◆ **Work order**: Transcribe exactly, and without pictures, the lines from the one that contains "Az ünnepélyes bevonulás" through the last line of the material.
+-------+
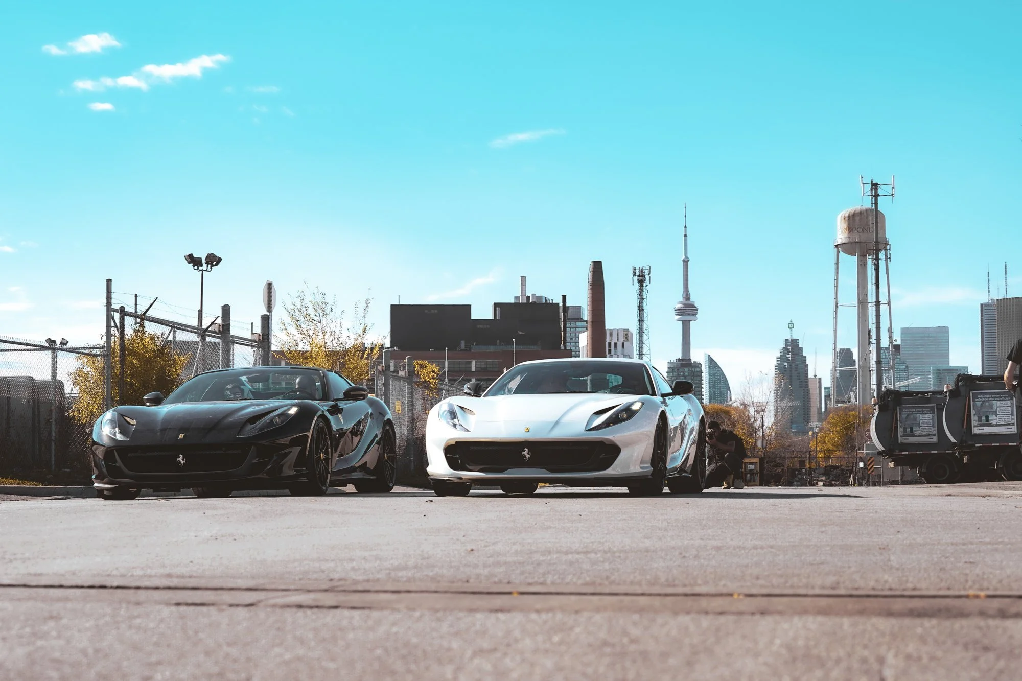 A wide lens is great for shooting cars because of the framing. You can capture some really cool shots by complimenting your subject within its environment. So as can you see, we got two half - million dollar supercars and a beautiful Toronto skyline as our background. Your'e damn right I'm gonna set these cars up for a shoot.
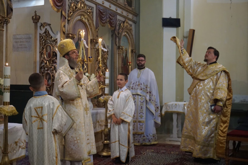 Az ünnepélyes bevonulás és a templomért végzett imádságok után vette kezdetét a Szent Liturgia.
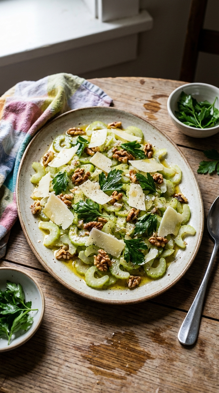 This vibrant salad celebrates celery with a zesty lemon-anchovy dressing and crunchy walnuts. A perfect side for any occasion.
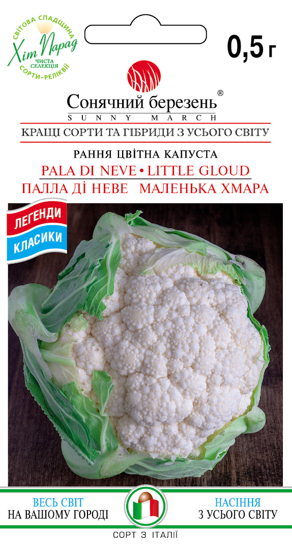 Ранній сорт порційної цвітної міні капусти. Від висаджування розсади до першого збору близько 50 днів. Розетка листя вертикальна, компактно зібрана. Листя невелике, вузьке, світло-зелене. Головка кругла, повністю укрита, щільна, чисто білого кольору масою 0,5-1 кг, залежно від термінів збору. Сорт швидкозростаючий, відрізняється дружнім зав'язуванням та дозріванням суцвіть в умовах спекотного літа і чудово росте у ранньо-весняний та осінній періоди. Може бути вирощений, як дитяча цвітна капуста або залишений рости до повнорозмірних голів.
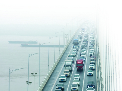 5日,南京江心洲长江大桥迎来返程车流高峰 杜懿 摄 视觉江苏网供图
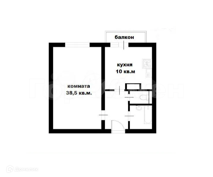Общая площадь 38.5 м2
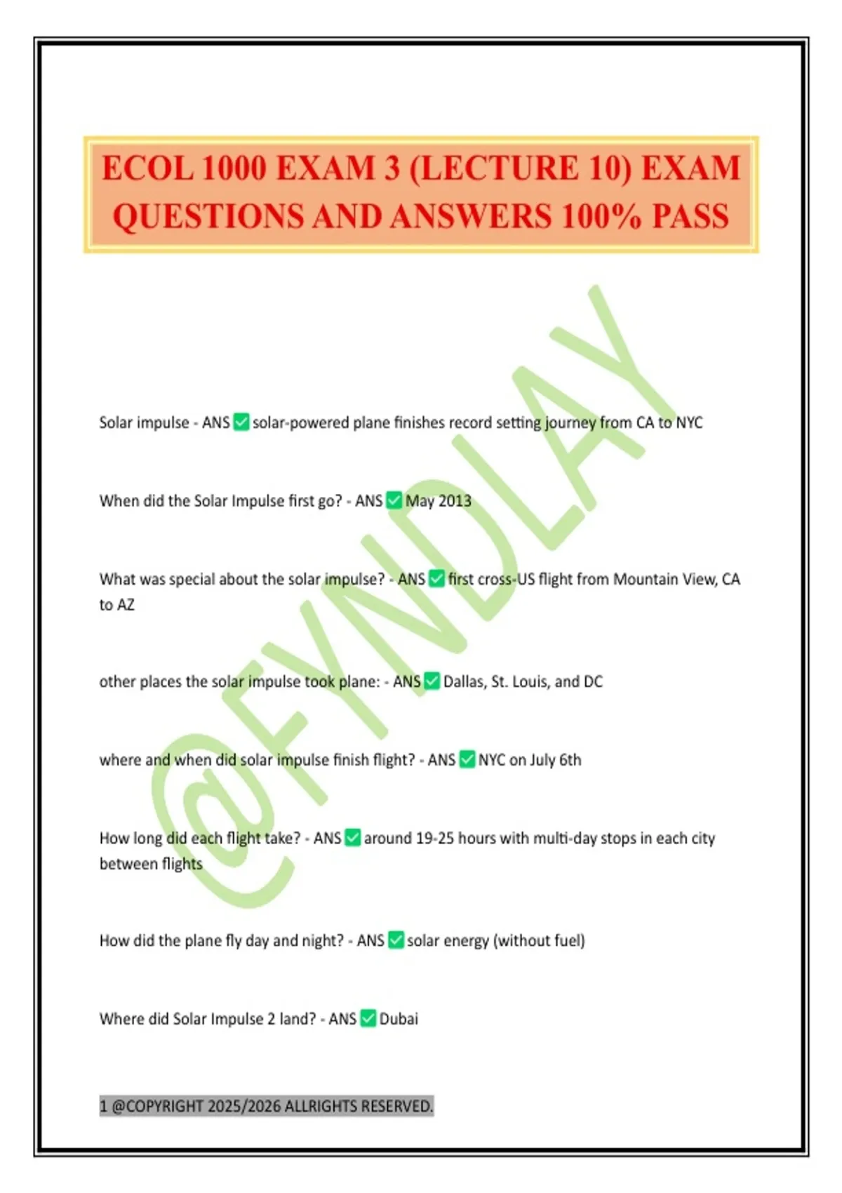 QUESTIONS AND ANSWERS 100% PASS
+-------+
◆ **Response to the task**:
 Az ünnepélyes bevonulás és a templomért végzett imádságok után vette kezdetét a Szent Liturgia.
 This vibrant salad celebrates celery with a zesty lemon-anchovy dressing and crunchy walnuts. A perfect side for any occasion.
 Ранній сорт порційної цвітної міні капусти. Від висаджування розсади до першого збору близько 50 днів. Розетка листя вертикальна, компактно зібрана. Листя невелике, вузьке, світло-зелене. Головка кругла, повністю укрита, щільна, чисто білого кольору масою 0,5-1 кг, залежно від термінів збору. Сорт швидкозростаючий, відрізняється дружнім зав'язуванням та дозріванням суцвіть в умовах спекотного літа і чудово росте у ранньо-весняний та осінній періоди. Може бути вирощений, як дитяча цвітна капуста або залишений рости до повнорозмірних голів.
 5日,南京江心洲长江大桥迎来返程车流高峰 杜懿 摄 视觉江苏网供图
Общая площадь 38.5 м2
 QUESTIONS AND ANSWERS 100% PASS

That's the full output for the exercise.